DATA TO USE.
◇ ◇ ◇ ◇ ◇ ◇ ◇

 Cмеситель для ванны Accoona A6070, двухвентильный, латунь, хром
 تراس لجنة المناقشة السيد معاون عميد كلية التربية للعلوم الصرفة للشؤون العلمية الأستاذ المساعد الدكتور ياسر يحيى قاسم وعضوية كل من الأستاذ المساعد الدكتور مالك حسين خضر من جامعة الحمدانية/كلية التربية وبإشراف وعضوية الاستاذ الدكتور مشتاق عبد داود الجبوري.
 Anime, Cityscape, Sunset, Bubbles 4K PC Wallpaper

◇ ◇ ◇ ◇ ◇ ◇ ◇

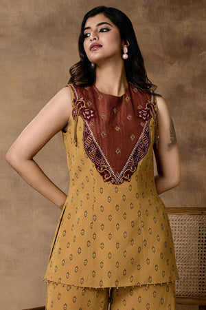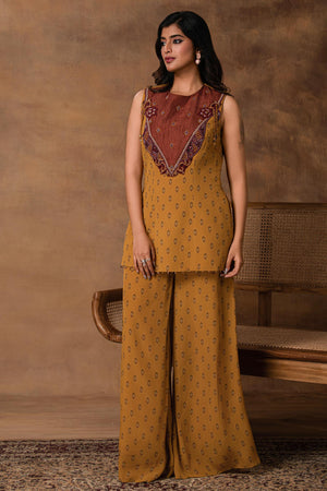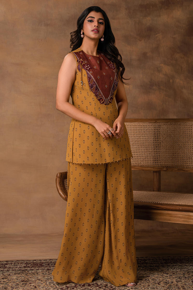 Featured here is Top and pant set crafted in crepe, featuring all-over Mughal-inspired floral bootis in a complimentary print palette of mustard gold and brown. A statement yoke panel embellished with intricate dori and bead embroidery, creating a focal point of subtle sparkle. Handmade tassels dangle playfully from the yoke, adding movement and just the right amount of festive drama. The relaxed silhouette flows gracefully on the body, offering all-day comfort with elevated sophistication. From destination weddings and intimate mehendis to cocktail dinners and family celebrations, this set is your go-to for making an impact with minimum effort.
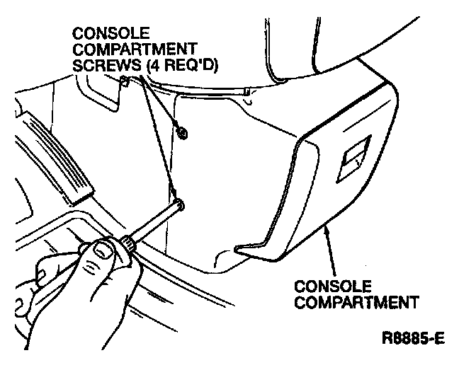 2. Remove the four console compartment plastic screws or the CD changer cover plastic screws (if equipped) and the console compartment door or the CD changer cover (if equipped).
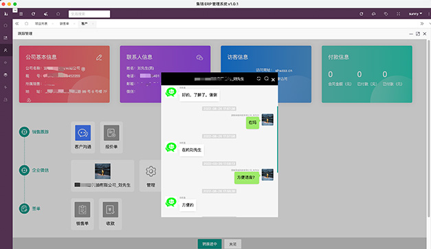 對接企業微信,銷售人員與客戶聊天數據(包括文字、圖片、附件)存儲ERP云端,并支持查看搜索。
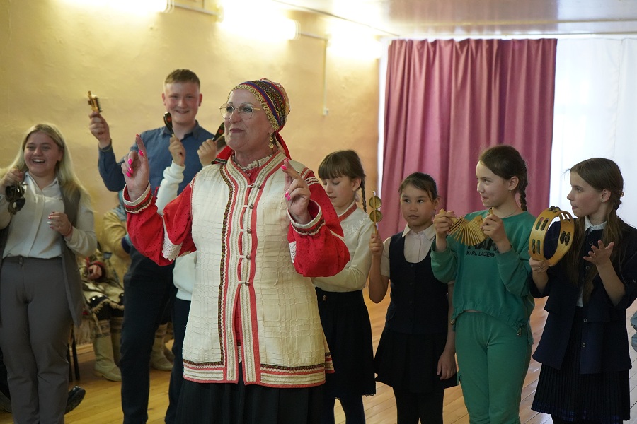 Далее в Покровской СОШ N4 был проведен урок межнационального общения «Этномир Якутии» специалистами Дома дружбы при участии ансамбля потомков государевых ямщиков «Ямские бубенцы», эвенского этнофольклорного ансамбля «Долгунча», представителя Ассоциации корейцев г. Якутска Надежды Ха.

◇ ◇ ◇ ◇ ◇ ◇ ◇

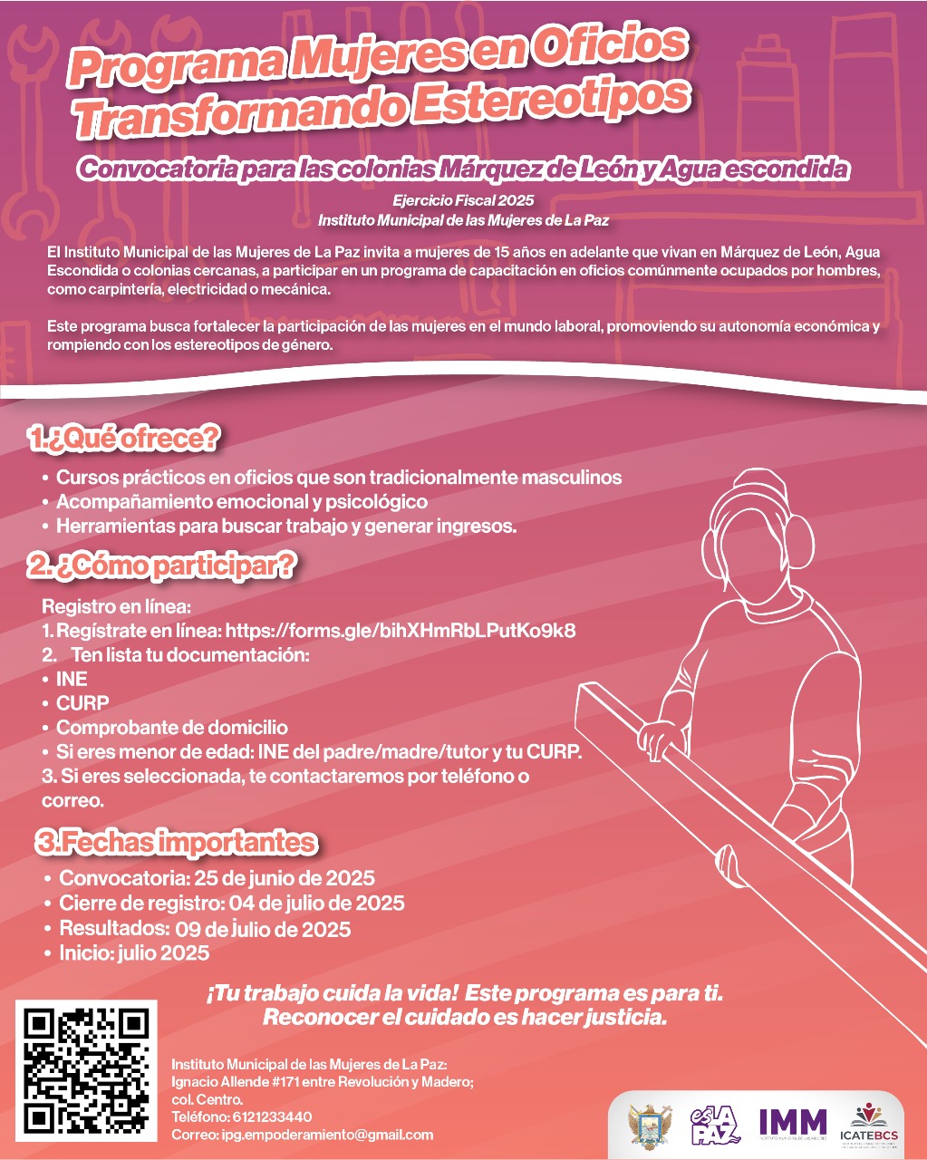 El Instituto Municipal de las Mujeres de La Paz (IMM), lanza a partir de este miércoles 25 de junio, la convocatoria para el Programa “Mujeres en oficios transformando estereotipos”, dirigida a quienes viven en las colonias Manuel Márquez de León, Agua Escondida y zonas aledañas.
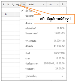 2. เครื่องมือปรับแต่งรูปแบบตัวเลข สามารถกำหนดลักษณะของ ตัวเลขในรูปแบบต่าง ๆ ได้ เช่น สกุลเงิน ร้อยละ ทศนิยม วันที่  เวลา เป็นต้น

◇ ◇ ◇ ◇ ◇ ◇ ◇

GOAL OF THE EXERCISE. Above are records; repeat only the lines from the line with "對接企業微信,銷售人員與客戶" through the line with "Далее в Покровской", and leave pictures out.

RESPONSE TO THIS TASK.
 對接企業微信,銷售人員與客戶聊天數據(包括文字、圖片、附件)存儲ERP云端,并支持查看搜索。
 Далее в Покровской СОШ N4 был проведен урок межнационального общения «Этномир Якутии» специалистами Дома дружбы при участии ансамбля потомков государевых ямщиков «Ямские бубенцы», эвенского этнофольклорного ансамбля «Долгунча», представителя Ассоциации корейцев г. Якутска Надежды Ха.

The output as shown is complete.